The industry measures availability in "nines," and each one costs more than the last.

| Availability level | Max downtime per year | Max downtime per month |
| --- | --- | --- |
| 99% (two nines) | ~87.6 hours | ~7.2 hours |
| 99.9% (three nines) | ~8.76 hours | ~43.8 minutes |
| 99.99% (four nines) | ~52.6 minutes | ~4.4 minutes |
| 99.999% (five nines) | ~5.26 minutes | ~26 seconds |

Here's the thing most teams overlook: [diminishing returns](https://queue.acm.org/detail.cfm?id=3374665). Going from 99.99% to 99.999% is exponentially more expensive to engineer than going from 99% to 99.9%. There's no universally correct tier, only the tier that makes economic sense for your workload.

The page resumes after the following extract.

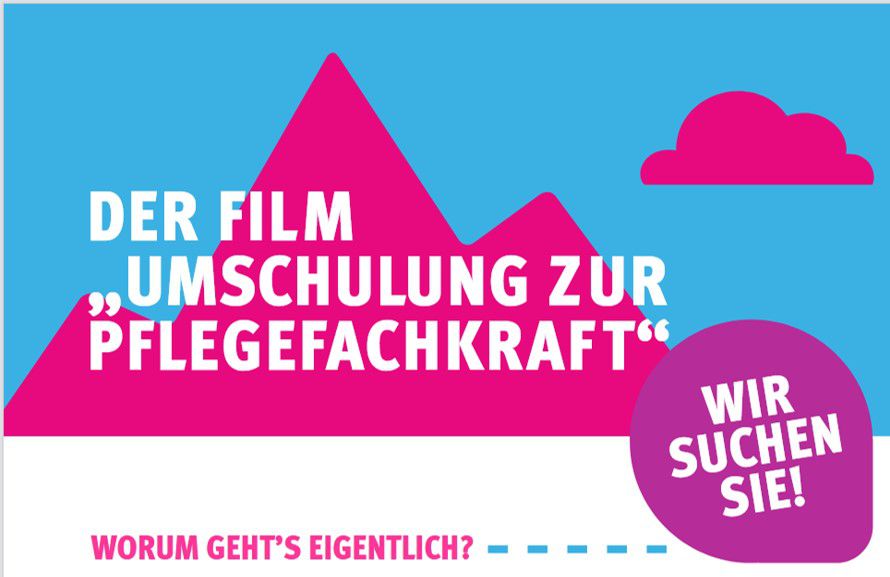 Im Rahmen der bundesweiten Informations- und Öffentlichkeitskampagne zu den neuen Pflegeausbildungen „Mach Karriere als Mensch!“ soll ein 30-sekündiger Film zum Thema „Umschulung zur Pflegefachkraft“ entstehen. Dieser soll unterschiedliche Facetten aus dem Arbeitsalltag dreier Umschülerinnen und Umschüler zeigen. Der Film soll potentiellen Auszubildenden einen Eindruck in das verantwortungsvolle Tätigkeitsfeld von Pflegefachkräften geben und Lust auf eine Umschulung zur Pflegefachkraft machen.

Two metrics define what recovery looks like for your system. Recovery Time Objective (RTO) is [maximum downtime](https://csrc.nist.gov/glossary/term/recovery_time_objective) before it causes unacceptable business impact. Recovery Point Objective (RPO) is the [recovery point](https://csrc.nist.gov/glossary/term/recovery_point_objective) after an outage, or how much data loss you can handle.

Both RTO and RPO are shaped by your replication architecture. [Replication tradeoffs](https://nvlpubs.nist.gov/nistpubs/SpecialPublications/NIST.SP.800-209.pdf) connect these metrics to a core tradeoff: synchronous replication can help ensure near-zero RPO but adds write latency, while asynchronous replication reduces latency but creates an RPO gap equal to the replication lag at the moment of failure. This is what makes the active-active vs active-passive decision non-trivial.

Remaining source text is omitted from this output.